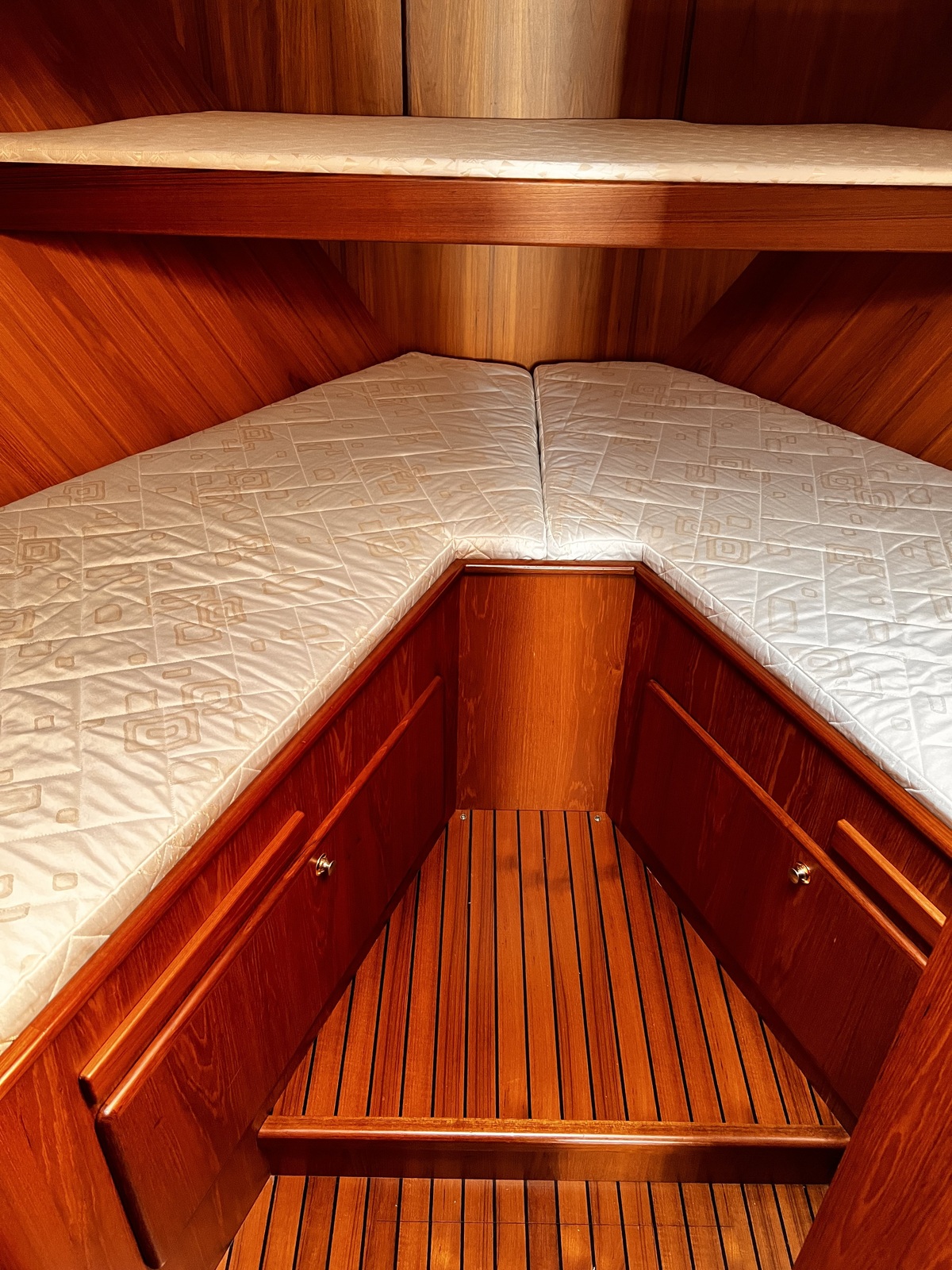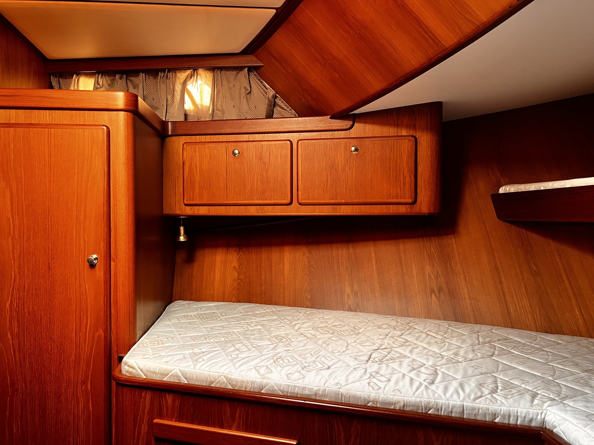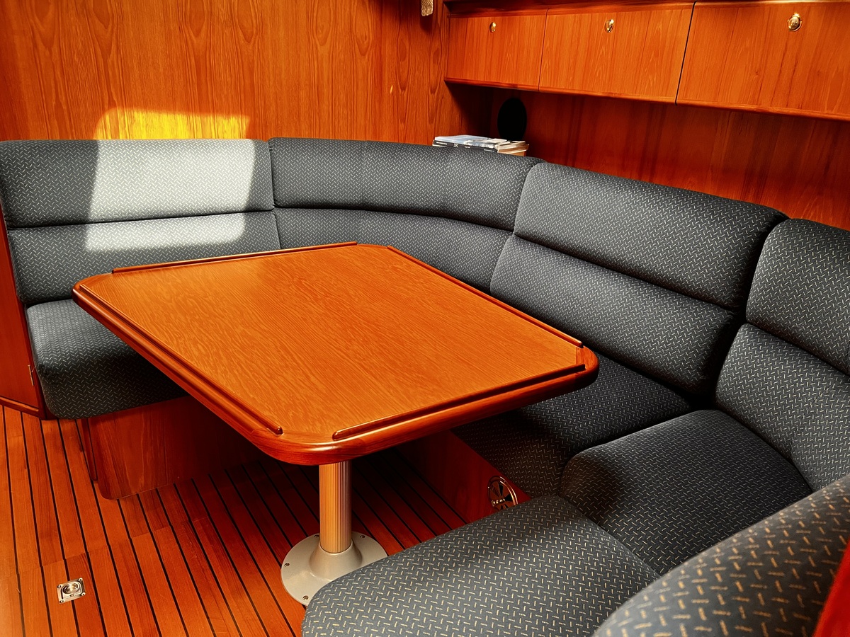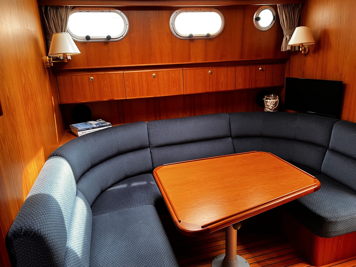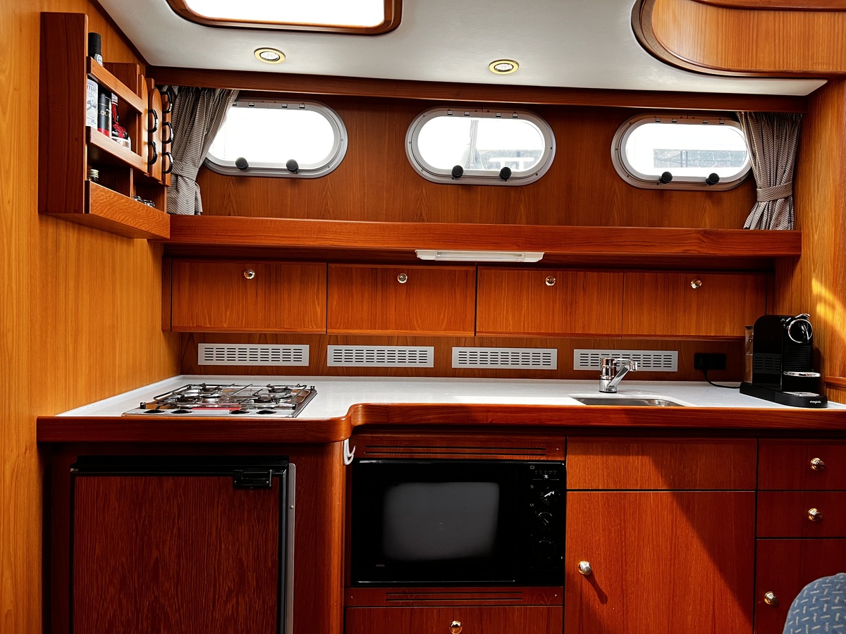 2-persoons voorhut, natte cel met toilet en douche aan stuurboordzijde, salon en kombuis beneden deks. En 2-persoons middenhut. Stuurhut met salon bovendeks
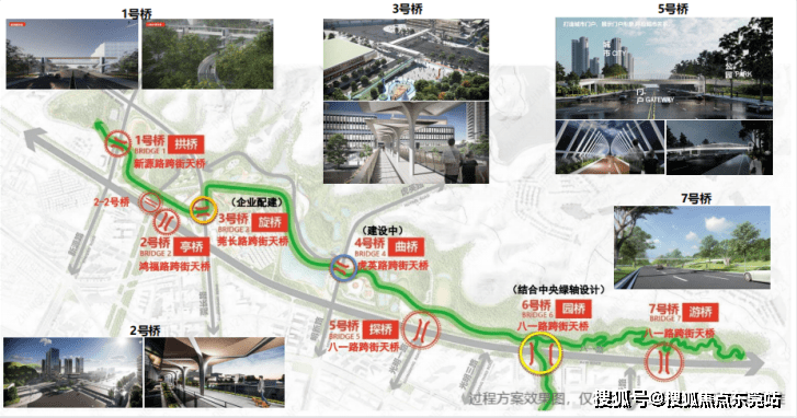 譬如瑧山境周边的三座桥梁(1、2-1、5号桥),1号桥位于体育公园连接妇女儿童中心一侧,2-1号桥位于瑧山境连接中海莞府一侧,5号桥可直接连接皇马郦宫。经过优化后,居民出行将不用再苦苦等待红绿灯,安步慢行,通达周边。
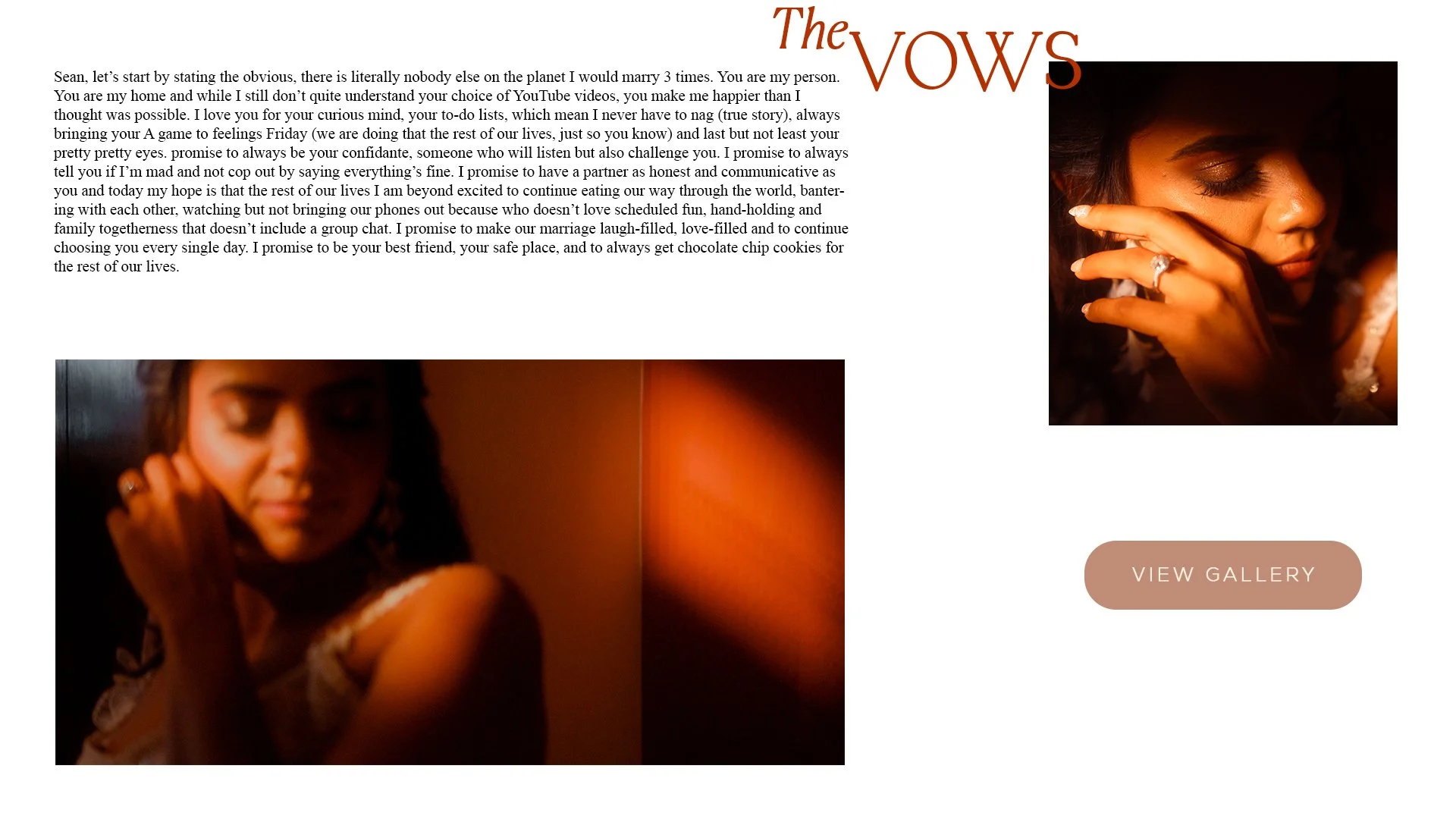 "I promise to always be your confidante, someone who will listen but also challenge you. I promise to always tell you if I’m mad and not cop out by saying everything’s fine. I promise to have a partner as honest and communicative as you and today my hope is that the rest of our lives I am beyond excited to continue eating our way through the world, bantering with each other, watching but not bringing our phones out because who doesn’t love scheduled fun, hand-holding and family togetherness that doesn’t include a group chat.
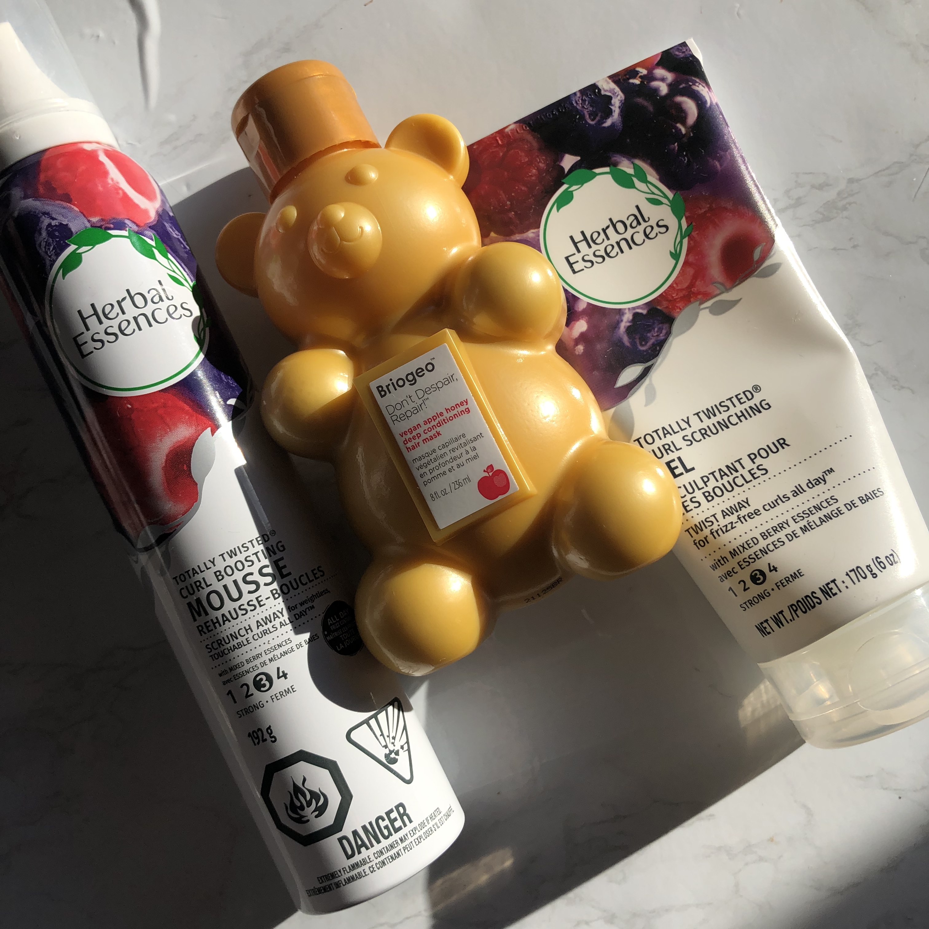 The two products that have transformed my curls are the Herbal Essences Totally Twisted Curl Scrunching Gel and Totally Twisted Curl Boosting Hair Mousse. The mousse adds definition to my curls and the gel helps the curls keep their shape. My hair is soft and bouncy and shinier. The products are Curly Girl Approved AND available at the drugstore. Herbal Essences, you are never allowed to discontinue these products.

******

(EXERCISE DESCRIPTION)
All lines from the beginning of the material through the line that holds "譬如瑧山境周边的三座桥梁(1", both included, should be returned exactly; please omit any pictures and add no other lines.

(RESPONSE)
 2-persoons voorhut, natte cel met toilet en douche aan stuurboordzijde, salon en kombuis beneden deks. En 2-persoons middenhut. Stuurhut met salon bovendeks
 譬如瑧山境周边的三座桥梁(1、2-1、5号桥),1号桥位于体育公园连接妇女儿童中心一侧,2-1号桥位于瑧山境连接中海莞府一侧,5号桥可直接连接皇马郦宫。经过优化后,居民出行将不用再苦苦等待红绿灯,安步慢行,通达周边。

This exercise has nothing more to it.